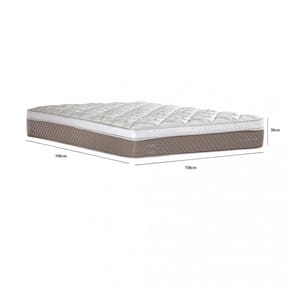 Características: Pillow Top One Side No bordado laminas D20 Revestimento em tecido Jacquard Suporta peso de até 110Kg Espuma Ecospuma Nivel de conforto: firme Molas ensacadas Forro Antiaderrapante Fibra de poliéster Feltro resinado Camada de espuma localizada na parte superior do colchão, sobre o molejo, Por sua concepção não há necessidade de virar o colchão, apenas gira-lo periodicamente para garantir que a espuma se acomode de forma mais uniforme
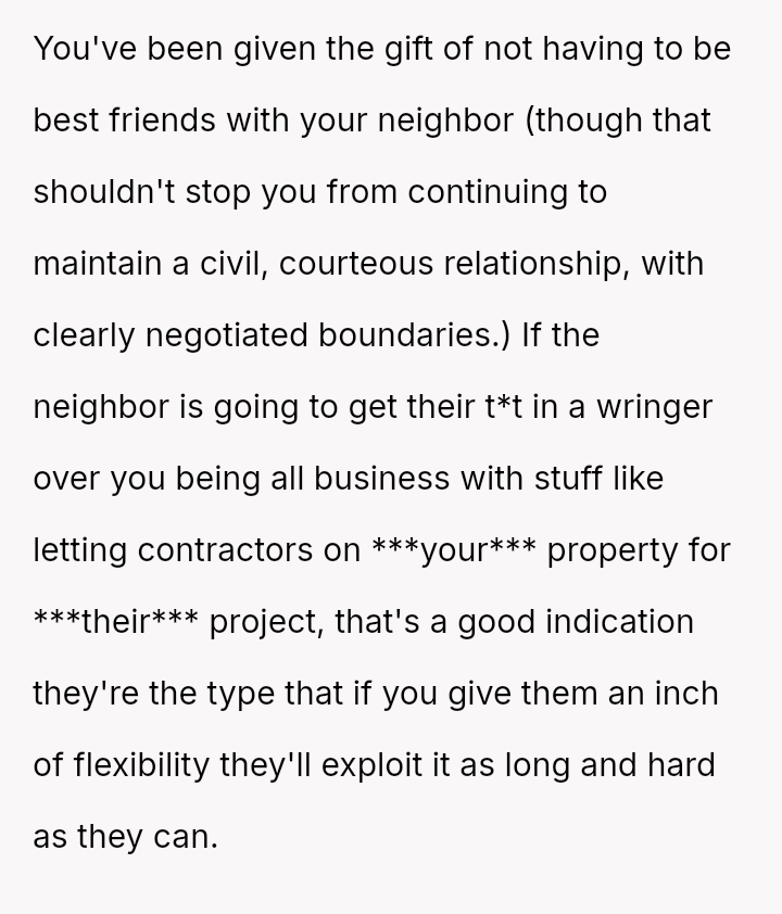 The central conflict arises because the OP believes they have acted reasonably and politely—even offering neighborly a*sistance with a liability waiver—while the neighbor harbors unwarranted, negative feelings, leading the OP to question how to address this one-sided hostility.
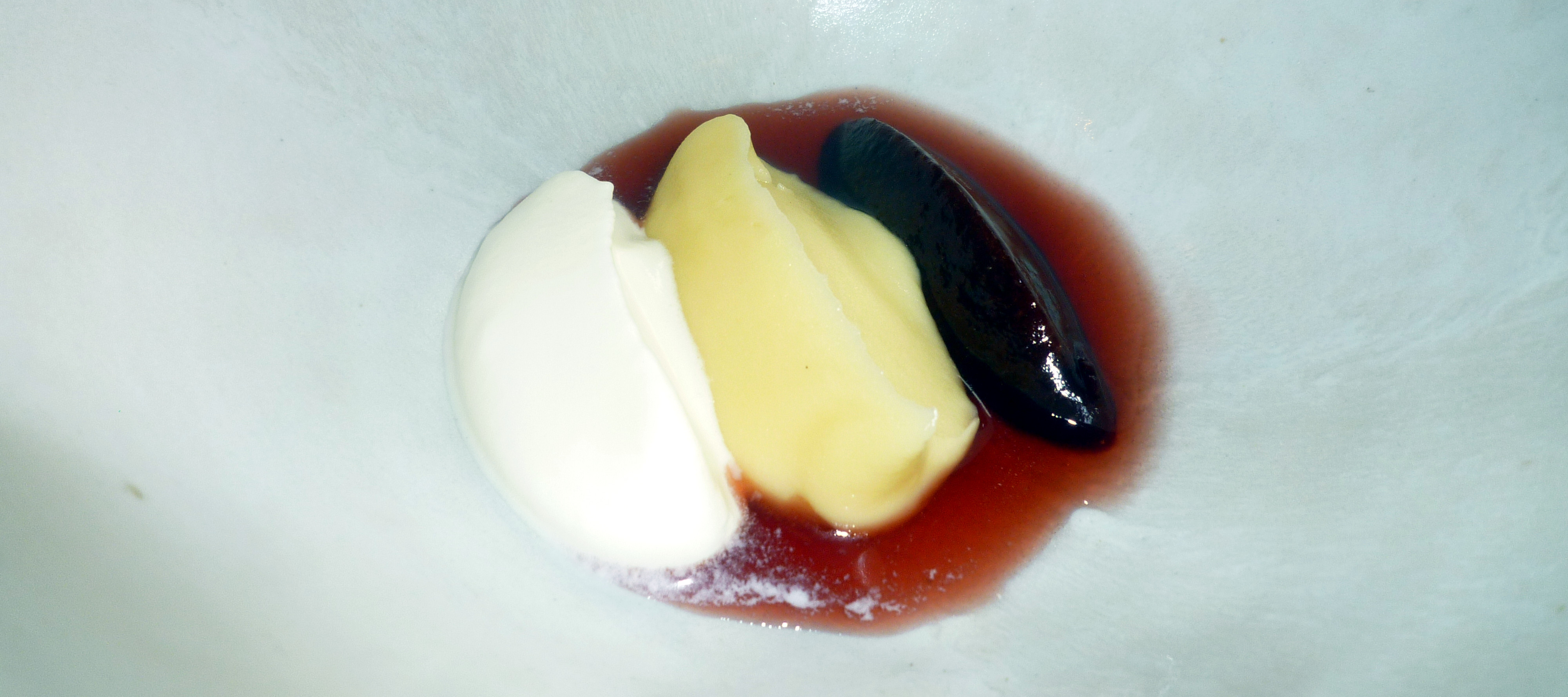 Kartoffel und Pflaume: Süßes Kartoffelpüree, eine an Bittermandeln schmeckende Sahne und eine Pflaume mit starken Aquavit Geschmack.
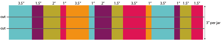 - The three finished strips are cut at 1″ wide, so you need at least 4″ in length per jar wrap. The extra inch is to allow a bit of inconsistency top and bottom. These wraps are easiest to make in multiples, so for our three samples, we cut our scraps into 12″ lengths of various widths.
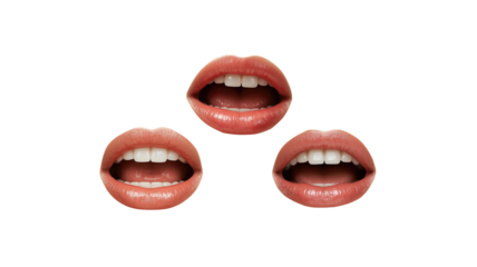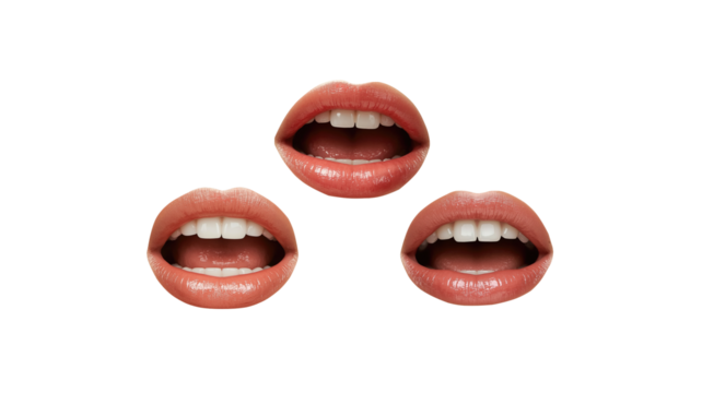 Glossy lips with gradient red and blue lipstick, vibrant color makeup detail, artistic beauty close-up, sensual fashion aesthetic isolated on transparent background
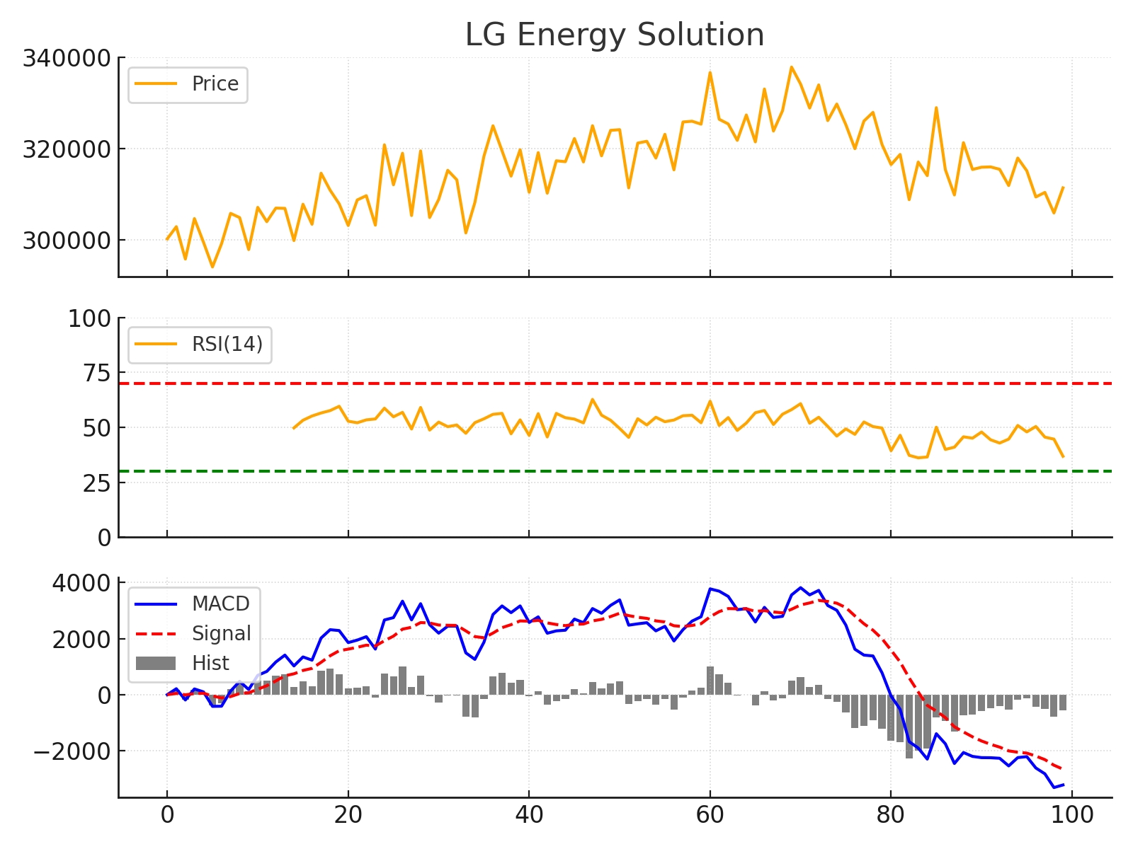 기술적 분석: 차트를 살펴보면 LG에너지솔루션 주가는 4월 중순 고점(약 34만 원대)을 형성한 뒤 조정 국면으로 돌아서 현재 30만 원 부근까지 내려와 있습니다. RSI 지표는 40대 중반으로 과매도에 가까운 약세권에 진입하여, 단기 낙폭 과대에 따른 기술적 반등 가능성을 시사합니다. MACD 지표도 한동안 음(-)의 영역에서 머물며 하락 추세를 반영했고, MACD선이 신호선 아래로 계속 내려가 있다가 최근 그 간격이 다소 좁아지는 모습이 포착됩니다. 이는 하락 추세가 점차 완화되고 있음을 의미하며, 조만간 매도세 힘이 약해질 수 있다는 신호로 해석할 수 있습니다. 다만 추세 전환을 위해선 거래량 동반된 강한 반등이 필요하므로, 신규 진입은 보수적으로 접근하면서 주요 지지선인 29만 원대 방어 여부를 지켜보는 것이 좋겠습니다.
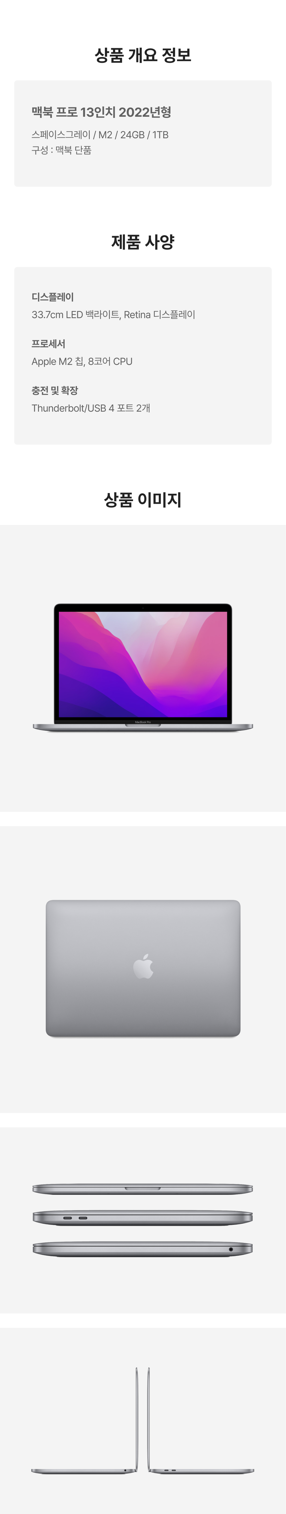 [A등급] 리퍼비시 2022 맥북 프로 13 M2 1테라 SSD 24기가 램 스페이스그레이
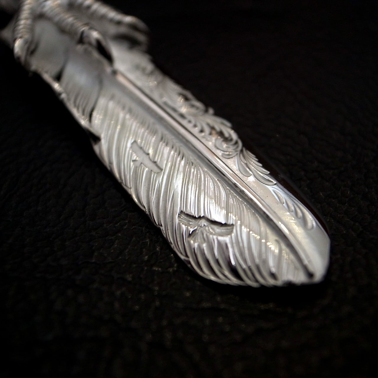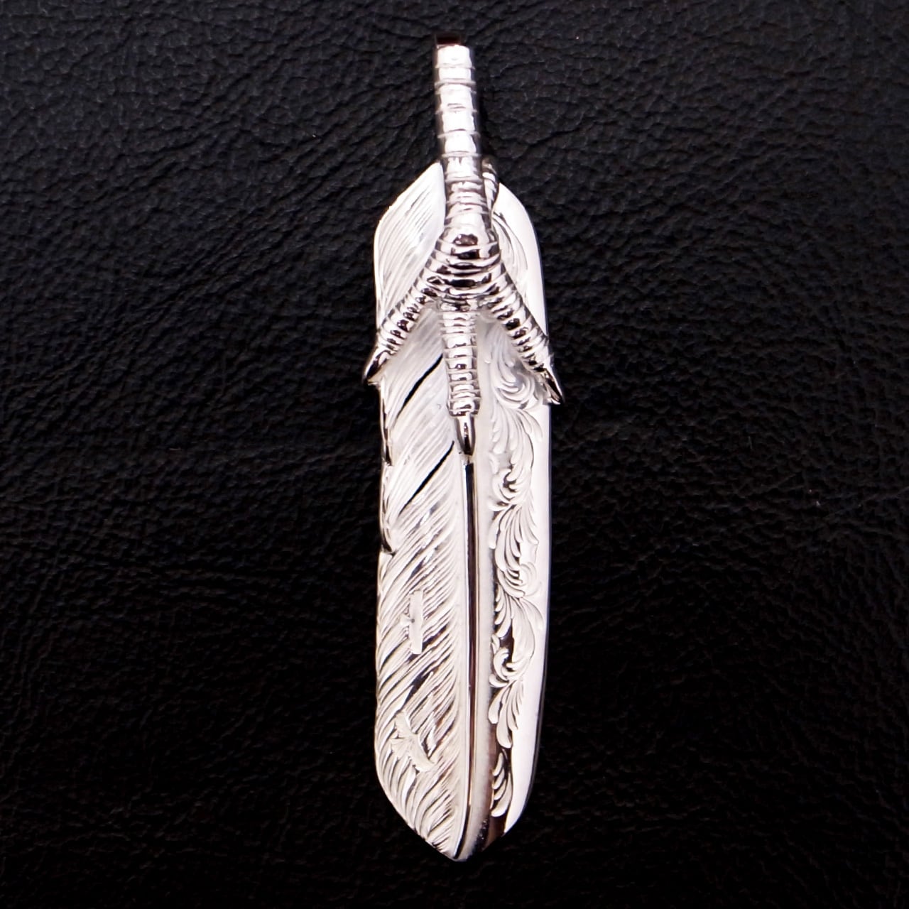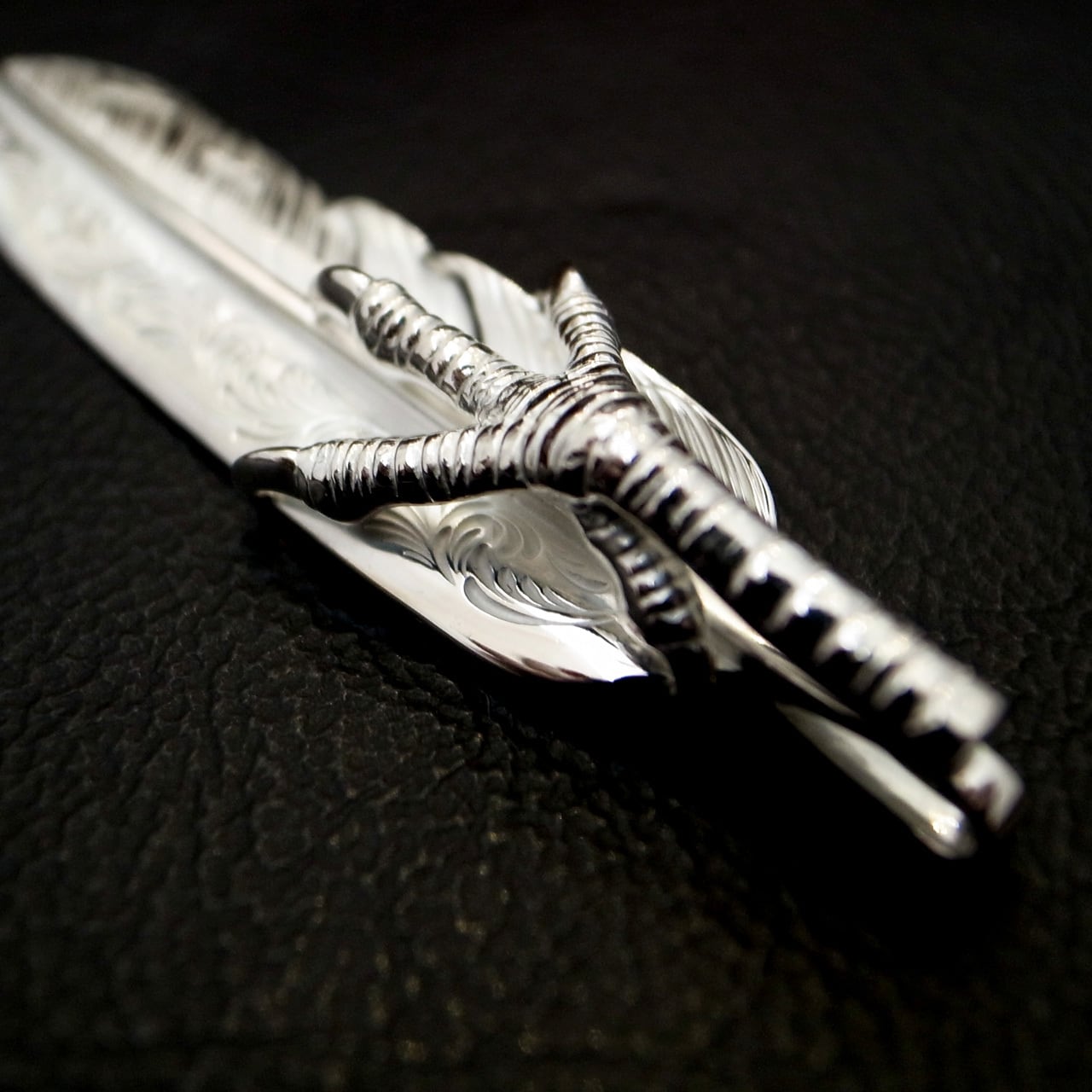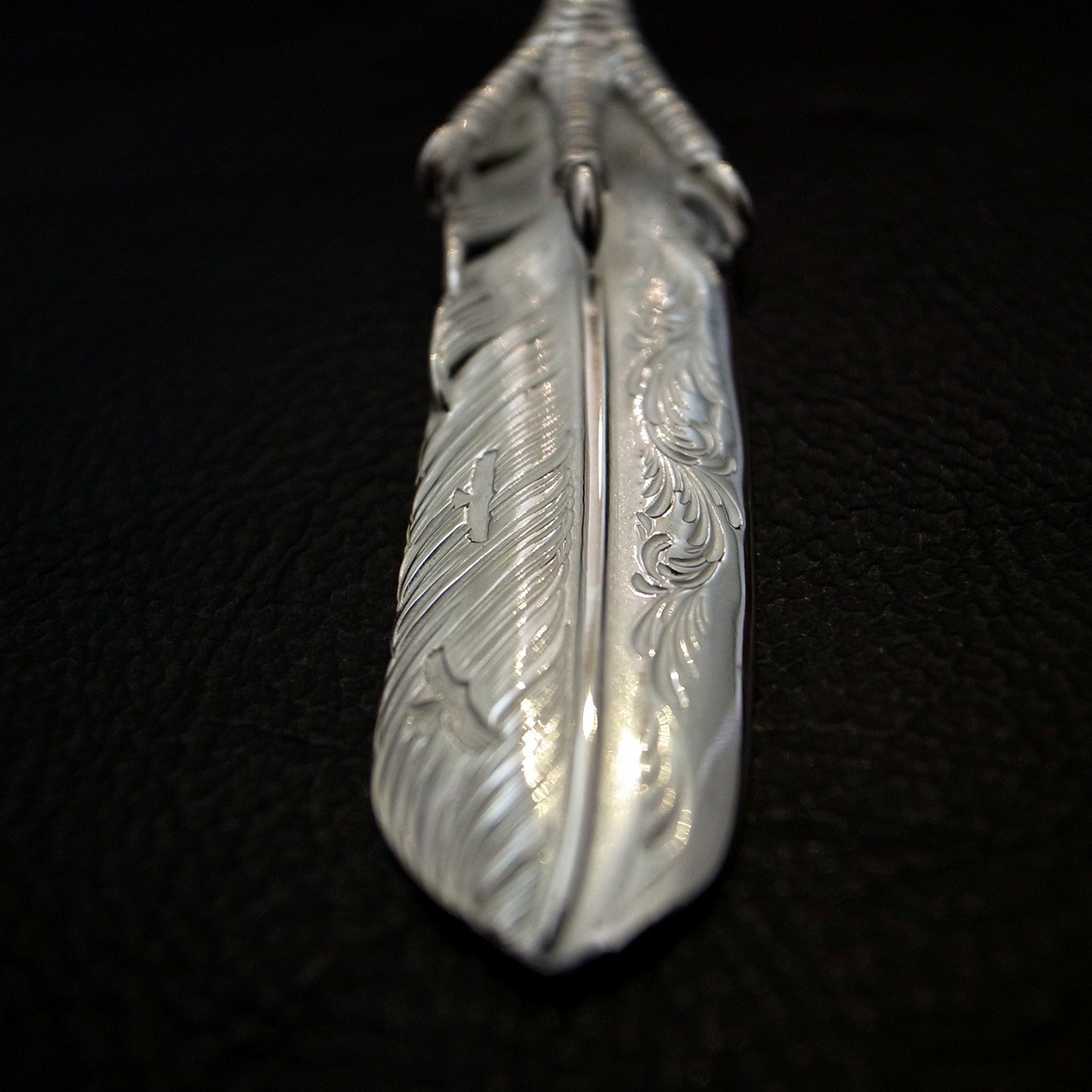 アラベスク彫りが施された、L サイズのフライトフェザー02をベースに、イーグルクローを配置した美しさとインパクトを兼ね備えた一枚。美しい彫金と細やかな作り込みが魅力的です。

◆ Problem to solve: Will you restate every entry word for word and omit the images?

◆ Task output:
 Características: Pillow Top One Side No bordado laminas D20 Revestimento em tecido Jacquard Suporta peso de até 110Kg Espuma Ecospuma Nivel de conforto: firme Molas ensacadas Forro Antiaderrapante Fibra de poliéster Feltro resinado Camada de espuma localizada na parte superior do colchão, sobre o molejo, Por sua concepção não há necessidade de virar o colchão, apenas gira-lo periodicamente para garantir que a espuma se acomode de forma mais uniforme
 The central conflict arises because the OP believes they have acted reasonably and politely—even offering neighborly a*sistance with a liability waiver—while the neighbor harbors unwarranted, negative feelings, leading the OP to question how to address this one-sided hostility.
 Kartoffel und Pflaume: Süßes Kartoffelpüree, eine an Bittermandeln schmeckende Sahne und eine Pflaume mit starken Aquavit Geschmack.
 - The three finished strips are cut at 1″ wide, so you need at least 4″ in length per jar wrap. The extra inch is to allow a bit of inconsistency top and bottom. These wraps are easiest to make in multiples, so for our three samples, we cut our scraps into 12″ lengths of various widths.
 Glossy lips with gradient red and blue lipstick, vibrant color makeup detail, artistic beauty close-up, sensual fashion aesthetic isolated on transparent background
 기술적 분석: 차트를 살펴보면 LG에너지솔루션 주가는 4월 중순 고점(약 34만 원대)을 형성한 뒤 조정 국면으로 돌아서 현재 30만 원 부근까지 내려와 있습니다. RSI 지표는 40대 중반으로 과매도에 가까운 약세권에 진입하여, 단기 낙폭 과대에 따른 기술적 반등 가능성을 시사합니다. MACD 지표도 한동안 음(-)의 영역에서 머물며 하락 추세를 반영했고, MACD선이 신호선 아래로 계속 내려가 있다가 최근 그 간격이 다소 좁아지는 모습이 포착됩니다. 이는 하락 추세가 점차 완화되고 있음을 의미하며, 조만간 매도세 힘이 약해질 수 있다는 신호로 해석할 수 있습니다. 다만 추세 전환을 위해선 거래량 동반된 강한 반등이 필요하므로, 신규 진입은 보수적으로 접근하면서 주요 지지선인 29만 원대 방어 여부를 지켜보는 것이 좋겠습니다.
 [A등급] 리퍼비시 2022 맥북 프로 13 M2 1테라 SSD 24기가 램 스페이스그레이
 アラベスク彫りが施された、L サイズのフライトフェザー02をベースに、イーグルクローを配置した美しさとインパクトを兼ね備えた一枚。美しい彫金と細やかな作り込みが魅力的です。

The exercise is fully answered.